Required work →
Transcribe exactly the lines below that begin at the line with "每一位学生都是老师的骄傲,为" and stop after the line with "天天抢红包是超短小战法,出信", leaving out every picture.

Provided records →

■ ■ ■ ■ ■

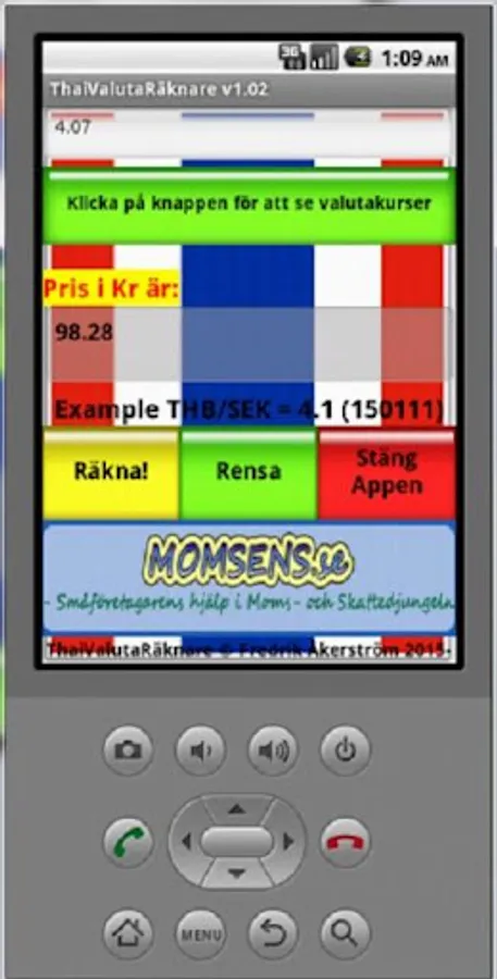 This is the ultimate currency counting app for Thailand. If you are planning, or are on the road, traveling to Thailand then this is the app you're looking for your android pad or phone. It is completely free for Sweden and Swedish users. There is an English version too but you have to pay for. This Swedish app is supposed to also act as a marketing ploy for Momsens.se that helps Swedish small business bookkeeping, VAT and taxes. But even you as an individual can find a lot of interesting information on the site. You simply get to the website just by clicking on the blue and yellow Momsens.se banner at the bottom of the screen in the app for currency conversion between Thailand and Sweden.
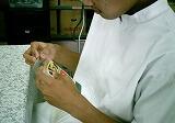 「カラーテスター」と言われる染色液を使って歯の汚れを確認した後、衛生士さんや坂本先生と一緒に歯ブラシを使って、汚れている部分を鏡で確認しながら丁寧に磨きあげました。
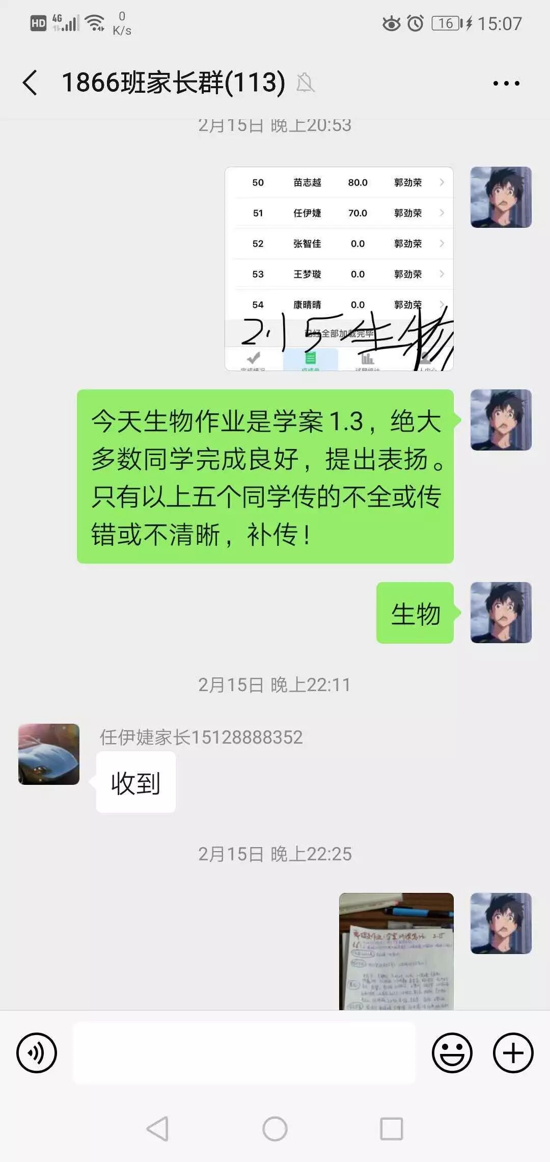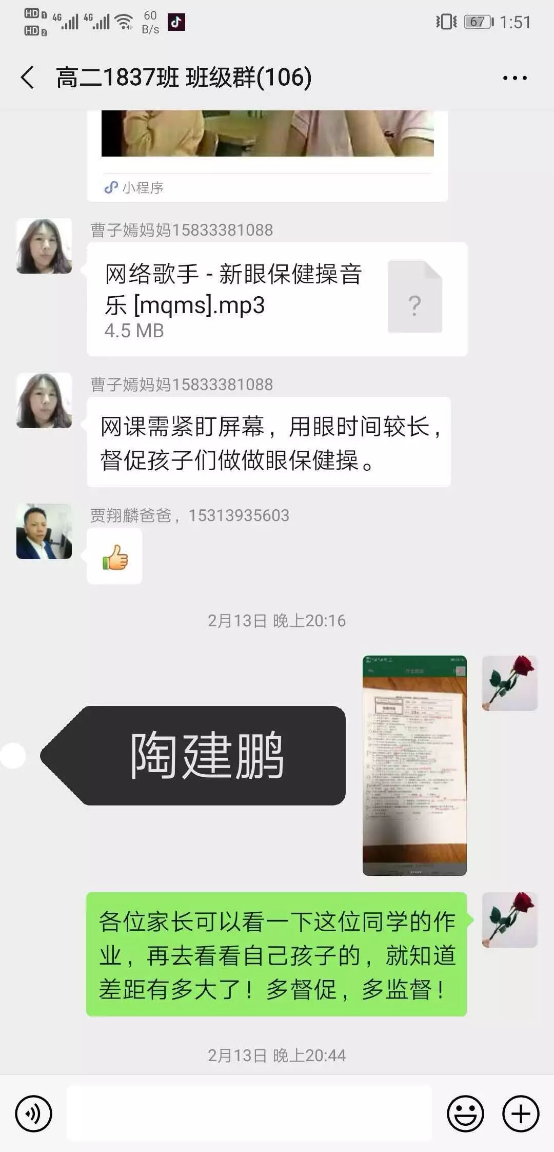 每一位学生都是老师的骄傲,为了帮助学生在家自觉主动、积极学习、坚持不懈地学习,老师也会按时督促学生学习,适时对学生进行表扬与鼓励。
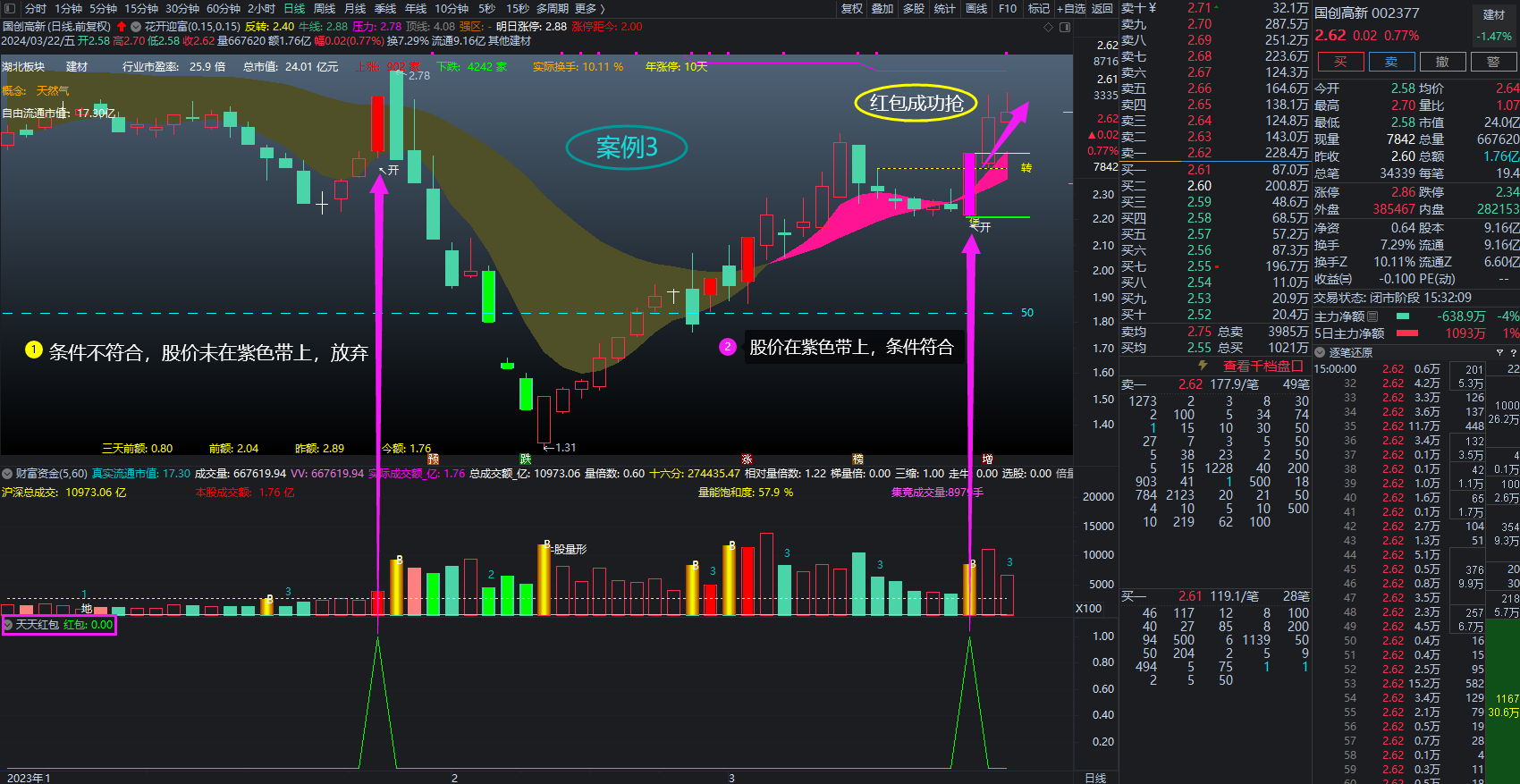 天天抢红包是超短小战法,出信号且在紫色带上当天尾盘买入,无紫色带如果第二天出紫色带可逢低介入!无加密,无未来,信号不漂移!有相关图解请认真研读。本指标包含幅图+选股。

■ ■ ■ ■ ■

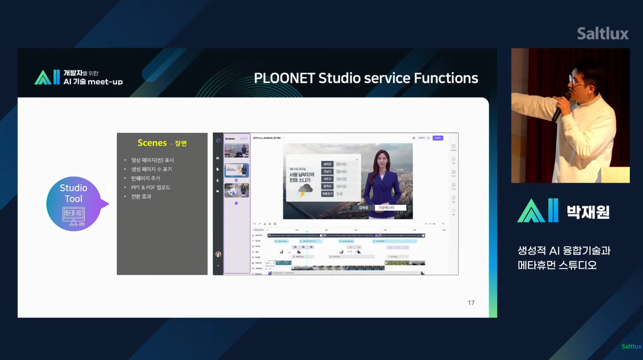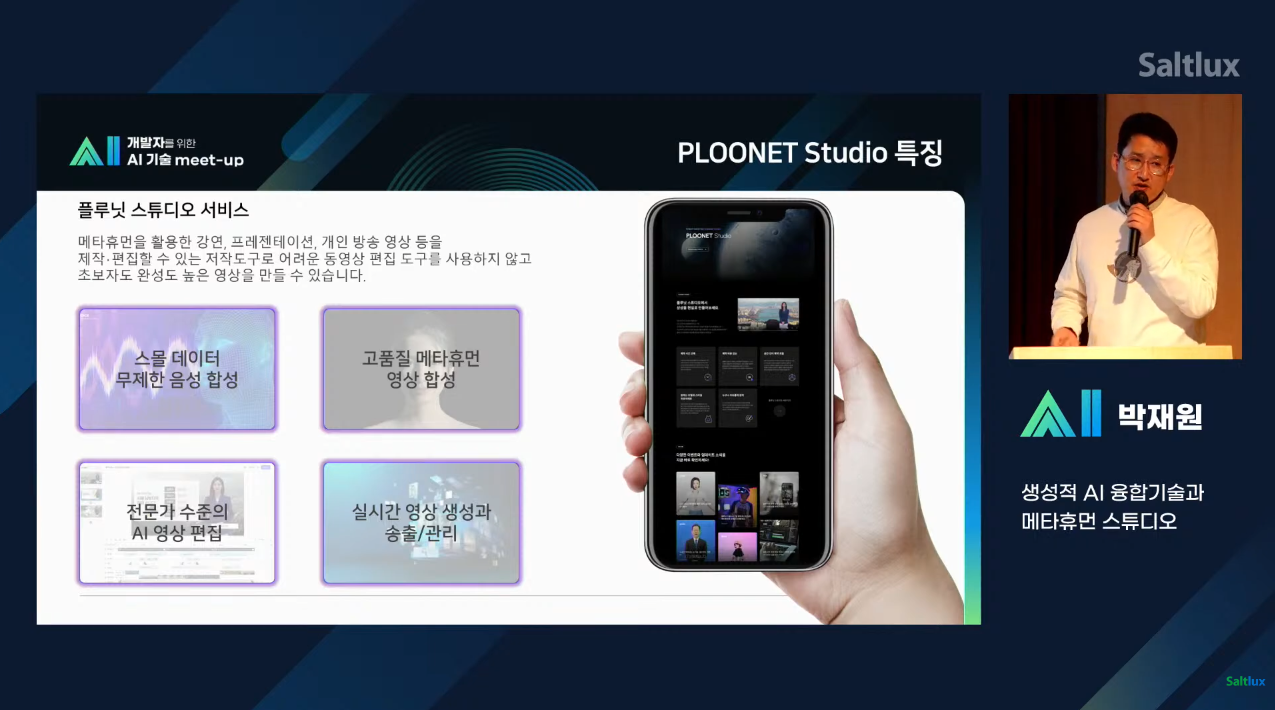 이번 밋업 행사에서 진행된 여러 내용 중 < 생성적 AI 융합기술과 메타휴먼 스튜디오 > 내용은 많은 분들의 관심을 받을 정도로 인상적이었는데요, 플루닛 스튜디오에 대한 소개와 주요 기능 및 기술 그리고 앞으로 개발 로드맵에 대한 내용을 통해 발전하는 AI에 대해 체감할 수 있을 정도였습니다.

■ ■ ■ ■ ■

Result for this exercise →
 每一位学生都是老师的骄傲,为了帮助学生在家自觉主动、积极学习、坚持不懈地学习,老师也会按时督促学生学习,适时对学生进行表扬与鼓励。
 天天抢红包是超短小战法,出信号且在紫色带上当天尾盘买入,无紫色带如果第二天出紫色带可逢低介入!无加密,无未来,信号不漂移!有相关图解请认真研读。本指标包含幅图+选股。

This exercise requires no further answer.